Tuesday, June 25, 2013

Ooh la la, l'été!


It’s Summertime? Who Knew?


Tucson Coffeehouse Poetry Writers topic for June: surviving the summer heat

In Cottonwood, the air outside is hotter than that Rolex watch you’re wearing, which, coincidentally, is similar— no, it's exactly like the one some kindly gentleman reported missing from his limo just a minute after you showed up.


And yesterday the temp in Red Rock topped a high seen only on the first and fifteenth -- payday, if I'm not mistaken, for your brother Curly. By the way, you oughta have that chat with him before your daddy finds his stash.


Bonjour and ooh la la, cherie, the air is sticky where it rises off the Mississippi, Natchez, and the Rio Grande. Hot. Damn hot. We oughta all go fishin’. Wednesday Tommy caught a trout, and by the time he landed her, that mama, cross my heart, was fried on both sides, golden brown and seasoned to perfection.


Here's a question: What's to do in Gila Bend in mid-July? Slip on your moccasins along about two-thirty. Find yourself a sunny parking lot and walk a block. Now take your shoes off. Voila! What you got? Beef jerky, mi amigo!


Mercifully, Tucson’s looking pretty temperate alongside Havasu and Blythe... and that’s the secret of the four-step strategy that I’ve devised:


ONE. Never, under any circumstances, go outside until the frost is on the vine. The Mafia could blow a bunch of ricin through your ventilation -- wouldn't make a bit of difference.
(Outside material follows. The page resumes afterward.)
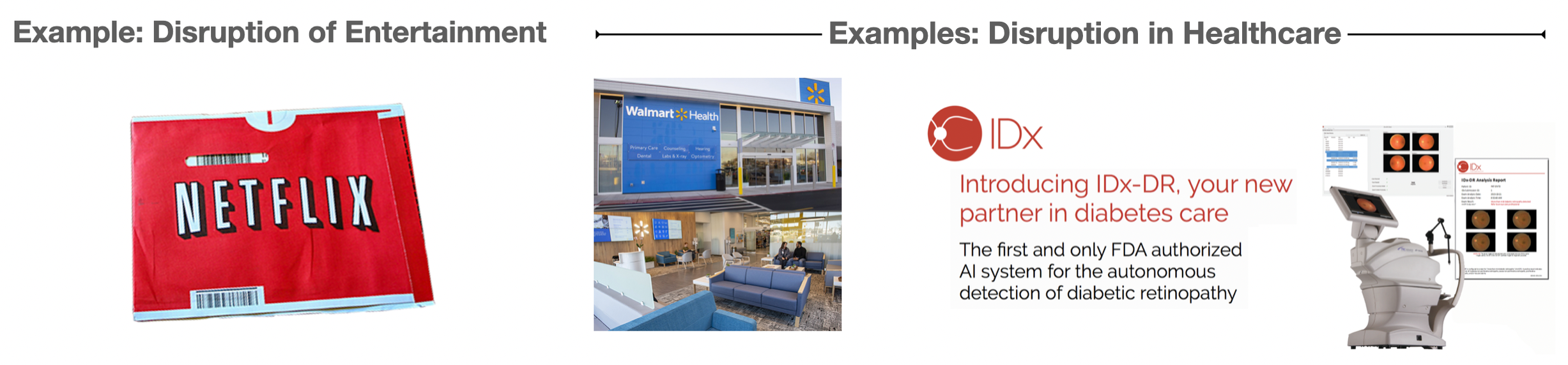 Part II provided specific examples of disruption within the healthcare system: from Walmart Health to IDx-DR, the first AI (artificial intelligence) system approved by the FDA to make a medical diagnosis (of diabetic retinopathy) without a doctor’s input, to Chestlink , an AI system designed to read chest x-rays.

Simply flip a switch to give your family instant ever-ready fresh-air tanks and comfy matching masks and pump your fist defiantly and do all this without a hitch without a break in rhythm of your marathon Monopoly extravaganza.


TWO. Have little jars of sand around to keep in mind the scorching highs in other desert furnaces, where even dirt burns. Think Afghanistan, where it’s a hundred thirty in the moonlight. After just a season, skin that started white ends up like bark of hickory, and Tucson, in your memory, seems positively wintry.


THREE. Get rid of all your calendars and keep the curtains drawn by day. At 9 o’clock it’s safe to peek outside. Amazingly, before too long you’ll open up the blinds and find that all the neighbors’ roofs are sporting sleighs and reindeer. Hesitant to trust your eyes, you scratch your head and holler to your better half, “Hey, Linda, honey, is it winta? All the vegetation’s dead!”


FOUR. Be wealthy. Health and happiness, efficiency and ambiance demand a staff of jolly servants for the polishing of silver and in order to ensure a bottomless reserve of life-sustaining ice cream, berries, key lime pies, and all the Dairy Queen in sight. In fact, the best if not the least expensive method of sustaining comfort —such that on the hottest day you’ll say, as all the world maligns it, “Summertime in Tucson? I don’t mind it” —
Buy your own DQ and put your luxury chateau
and pool behind it.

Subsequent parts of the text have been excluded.